Some time ago, we wouldn’t even be able to imagine a thing as a microbiota. Only because of the advances in molecular genetics are we able to identify them. What it is is a genome of the 100,000 billion bacteria that colonize our digestive tract. That’s 10 times more than the number of cells a human body has. To further elaborate, it’s a complex ecosystem of more than 1014 microorganisms present in our digestive tract. Firmicutes and Bacteroidetes represent nearly 70% of the total human microbiota. They’re essential to the human immune system, defending pathogens, energy recovery, and more.
Want to learn more? Read on about this from Prof. Francisca Joly.
Thanks to advances in molecular genetics, it has become possible to describe the genome of the 100,000 billion bacteria that colonize our digestive tract. This world that used to be called intestinal flora is now called microbiota (from the Greek: “small” and “living”).

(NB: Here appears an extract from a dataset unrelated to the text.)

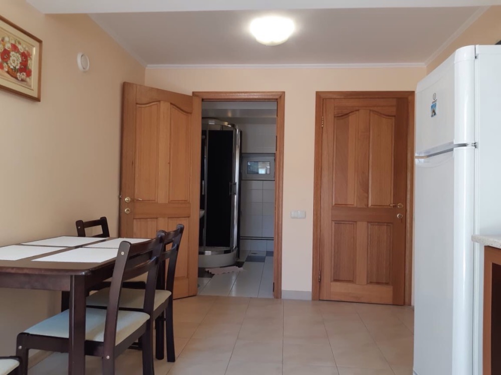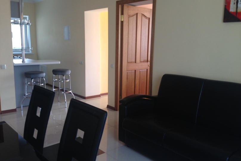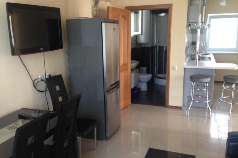В каждом номере своя кухня, посуда, холодильник, телевизор, кондиционер, стиральная машина, кровати с ортопедическими матрасами, сейф, горячая и холодная вода круглосуточно, WI-FI. Закрытая территория, во дворе мангал, деревянные столики.

This human intestinal microbiota thus describes a complex ecosystem of more than 1014 microorganisms (mainly bacteria) present in our digestive tract and comprising several thousand different species. Its composition is variable along the digestive tract, with the bacterial load increasing the closer you get to the colon. With the development of new analysis techniques in particular genetics, spectacular progress has been made in the understanding of this ecosystem. Three major phylogenetic groups or phyla (Firmicutes, Bacteroidetes, and Actinobacteria) and six bacterial genera (Bacteroides, Eubacterium, Clostridium, Enteroccocus Bifidobacterium, and Lactobacillus) bring together 90% of bacterial species in all individuals. Firmicutes and Bacteroidetes are the most abundant and represent nearly 70% of the total human microbiota.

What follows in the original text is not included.